The effect of increasing foot rigidity on maximal cycling power through the use of cycling specific orthotics
AbstractThe purpose of this study was to investigate the performance enhancing capabilities of cycling specific orthotics during maximal cycling and how they relate to subject specific foot morphology and function. Twelve recreational cyclists took part in the study: eight male (age, 38 ± 8 yr; height, 180.41 ± 3.55 cm; body mass, 80.90 ± 6.50 kg) and four female (age, 35.92 ± 20.82 yr; height, 176.57 ± 1.94 cm; body mass, 77.20 ± 2.05 kg). Navicular height measurements were taken in weight bearing and non-weight bearing conditions to describe foot mobility. Subjects performed 2 maximal sprints (4s) on an isokinetic cycling ergometer at a cadence of 120rpm separated by 4mins of recovery in either conventional insoles or CSOs. Once completed the insole type was changed and the sprint protocol was repeated.
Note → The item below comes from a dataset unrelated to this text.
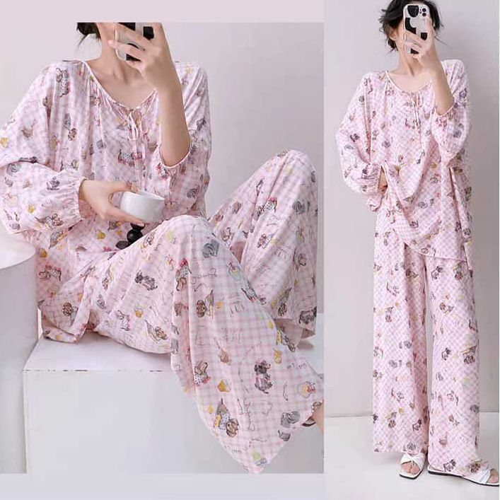 RULIF Baju Tidur piyama wanita katun rayon premium oversize pp/setelan rayon katun soft flowy 2708

Crank and joint-specific powers were obtained from instrumented force cranks and inverse dynamics methods respectively. Results from the paired samples t-test show no significant difference on a group level. Single subject analyses using magnitude based inferences show subjects could be grouped based on response (positive=2, non-responders=4, negative=6). Post-hoc analysis of joint-specific powers revealed negative responders tended to demonstrate reduced ankle reduced ankle power and range of motion (F= 4.97; d.f. 1, 9, p= 0.05), (F= 7.52; d.f. 1, 9, p= 0.02). The results highlight the need for caution when considering orthotic interventions and confirms the importance of the dual role of the ankle plantar flexors in cycling.
CitationSharland-Wong, L. (2015). The effect of increasing foot rigidity on maximal cycling power through the use of cycling specific orthotics. (Master's thesis). University of Chester, United Kingdom.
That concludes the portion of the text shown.